For the data below, transcribe the part that opens with the line containing "Esta rejilla de" and closes with the line containing "圖6所示為一個運營級的聲訊平", exactly and with no pictures.
BEGIN THE DATA
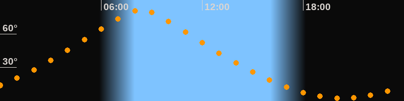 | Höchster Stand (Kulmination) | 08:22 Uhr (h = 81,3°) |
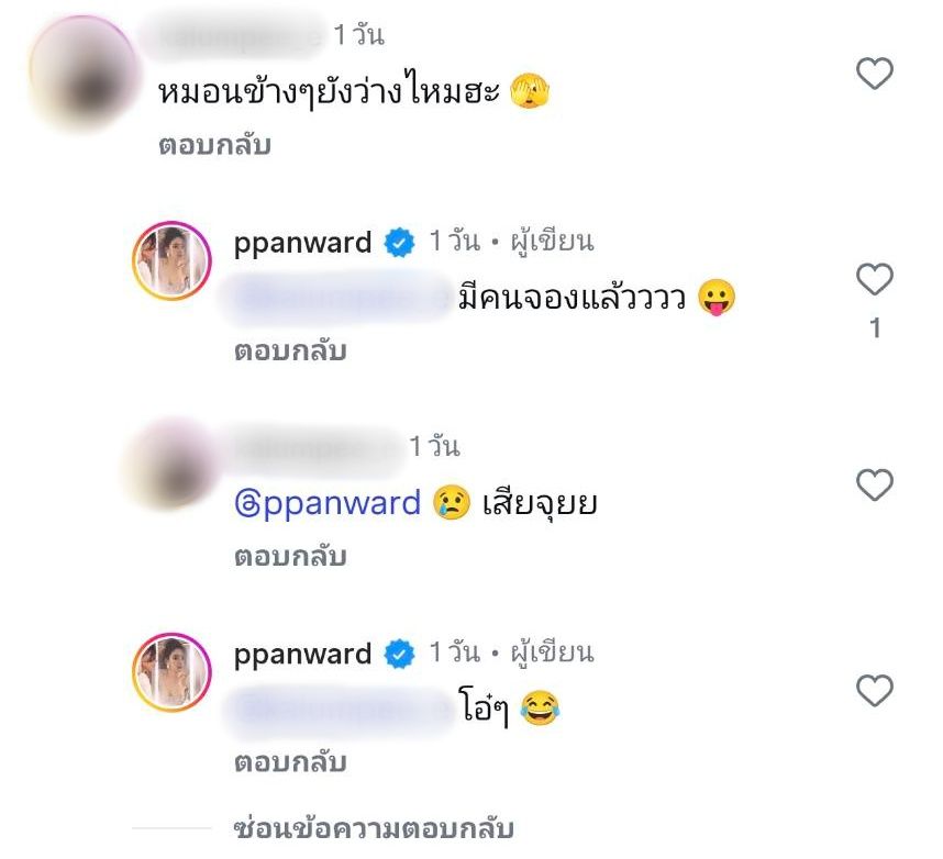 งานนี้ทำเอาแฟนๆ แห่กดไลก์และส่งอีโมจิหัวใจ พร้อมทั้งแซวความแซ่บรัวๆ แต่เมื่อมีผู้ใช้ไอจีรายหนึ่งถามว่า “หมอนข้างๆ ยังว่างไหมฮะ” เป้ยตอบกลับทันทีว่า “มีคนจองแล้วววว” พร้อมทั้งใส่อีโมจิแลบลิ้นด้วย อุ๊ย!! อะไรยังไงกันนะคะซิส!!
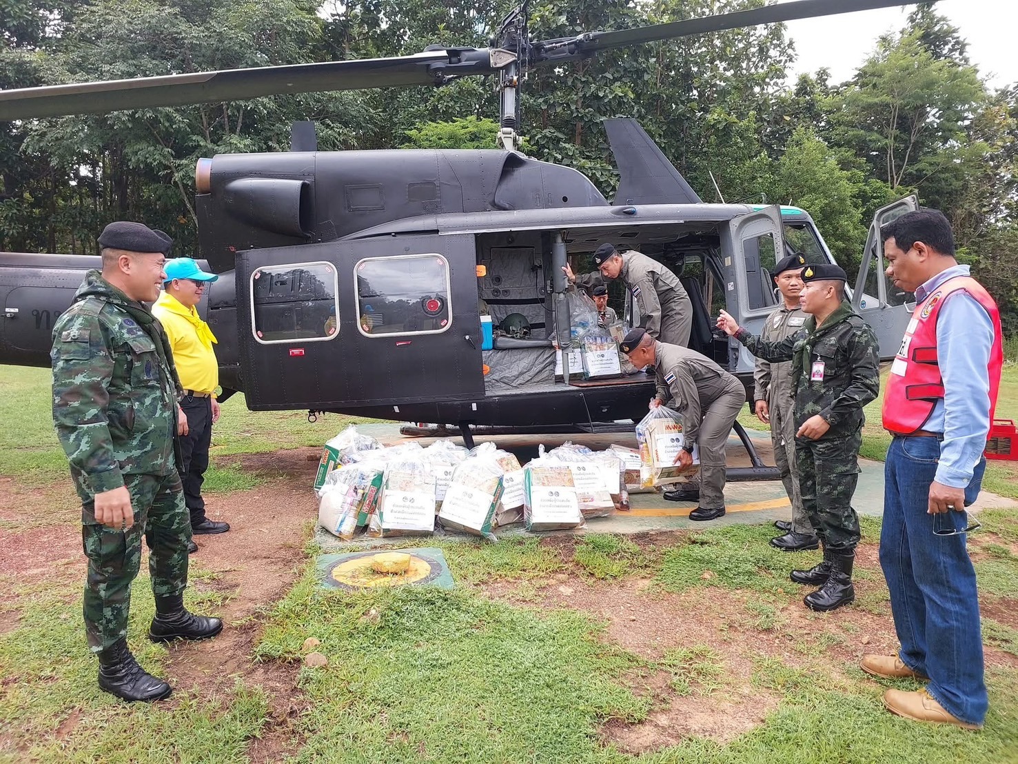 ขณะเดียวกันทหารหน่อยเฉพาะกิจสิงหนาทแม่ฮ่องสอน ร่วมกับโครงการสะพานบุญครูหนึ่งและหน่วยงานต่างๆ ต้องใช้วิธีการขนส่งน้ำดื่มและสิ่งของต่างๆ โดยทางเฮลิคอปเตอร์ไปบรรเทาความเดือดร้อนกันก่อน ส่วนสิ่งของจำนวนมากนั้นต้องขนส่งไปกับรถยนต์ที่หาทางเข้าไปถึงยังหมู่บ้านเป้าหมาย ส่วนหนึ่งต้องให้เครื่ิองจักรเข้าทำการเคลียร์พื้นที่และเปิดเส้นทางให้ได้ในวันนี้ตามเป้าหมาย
END THE DATA
BEGIN THE DATA
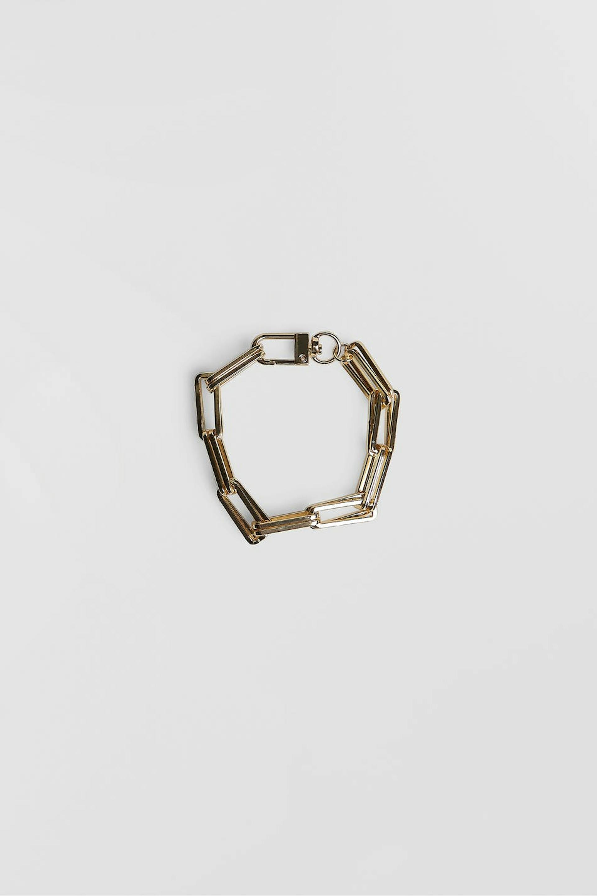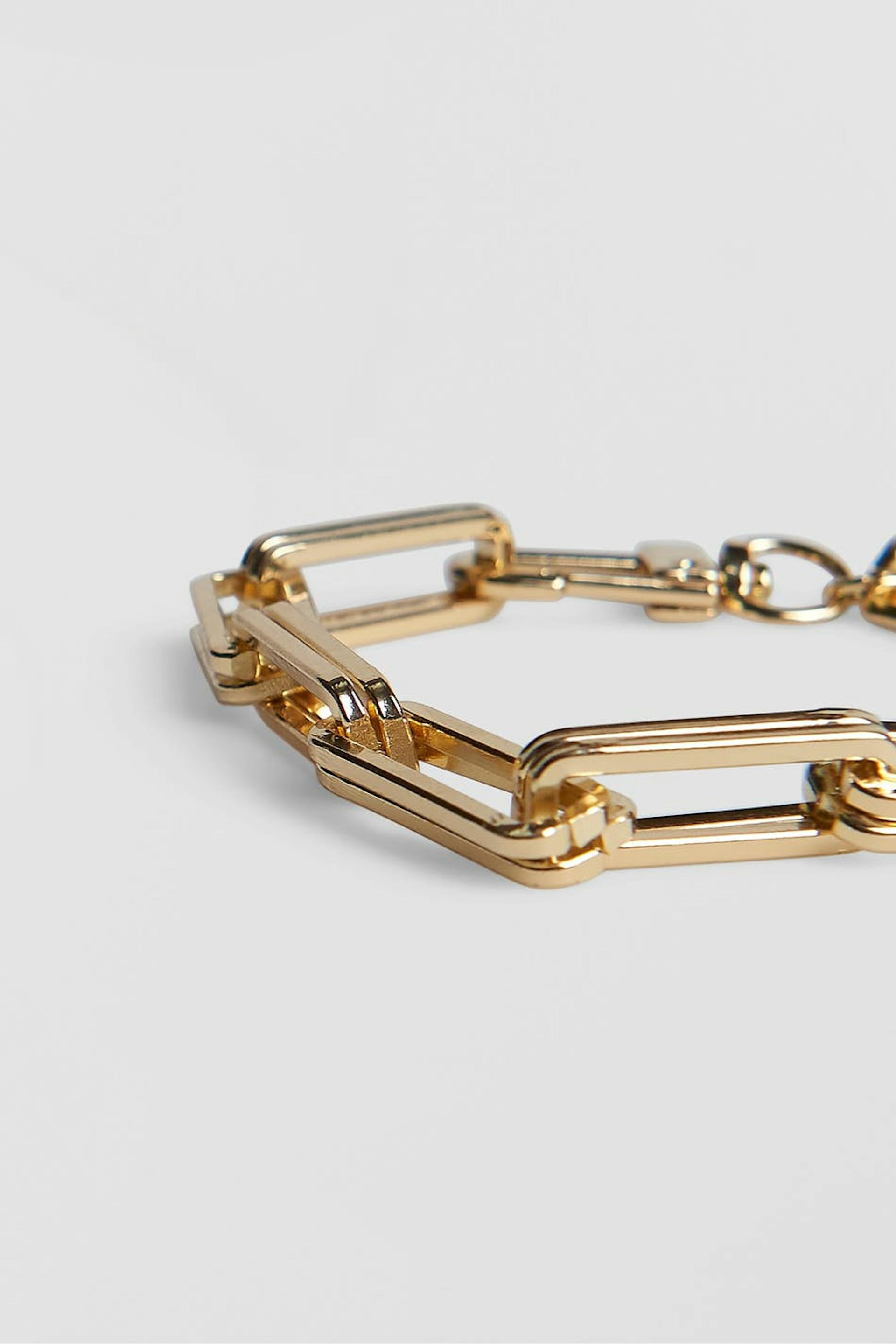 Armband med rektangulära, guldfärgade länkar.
END THE DATA
BEGIN THE DATA
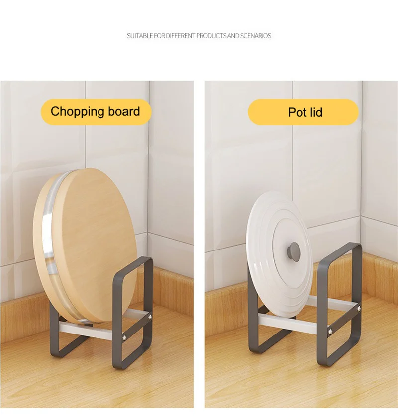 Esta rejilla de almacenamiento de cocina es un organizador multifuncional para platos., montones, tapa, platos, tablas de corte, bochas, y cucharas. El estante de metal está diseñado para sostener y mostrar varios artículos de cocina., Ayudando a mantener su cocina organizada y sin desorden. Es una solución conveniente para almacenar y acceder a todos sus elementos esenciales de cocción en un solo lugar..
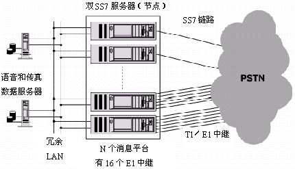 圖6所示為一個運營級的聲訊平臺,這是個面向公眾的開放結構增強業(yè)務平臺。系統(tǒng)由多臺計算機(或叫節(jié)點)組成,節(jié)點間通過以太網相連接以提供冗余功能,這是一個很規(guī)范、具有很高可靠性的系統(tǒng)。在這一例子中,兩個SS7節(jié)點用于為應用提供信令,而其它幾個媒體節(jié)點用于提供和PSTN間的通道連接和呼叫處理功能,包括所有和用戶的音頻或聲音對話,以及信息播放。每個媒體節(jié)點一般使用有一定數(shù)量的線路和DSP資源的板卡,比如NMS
END THE DATA
→ **COMPLETED EXERCISE**:
 Esta rejilla de almacenamiento de cocina es un organizador multifuncional para platos., montones, tapa, platos, tablas de corte, bochas, y cucharas. El estante de metal está diseñado para sostener y mostrar varios artículos de cocina., Ayudando a mantener su cocina organizada y sin desorden. Es una solución conveniente para almacenar y acceder a todos sus elementos esenciales de cocción en un solo lugar..
 圖6所示為一個運營級的聲訊平臺,這是個面向公眾的開放結構增強業(yè)務平臺。系統(tǒng)由多臺計算機(或叫節(jié)點)組成,節(jié)點間通過以太網相連接以提供冗余功能,這是一個很規(guī)范、具有很高可靠性的系統(tǒng)。在這一例子中,兩個SS7節(jié)點用于為應用提供信令,而其它幾個媒體節(jié)點用于提供和PSTN間的通道連接和呼叫處理功能,包括所有和用戶的音頻或聲音對話,以及信息播放。每個媒體節(jié)點一般使用有一定數(shù)量的線路和DSP資源的板卡,比如NMS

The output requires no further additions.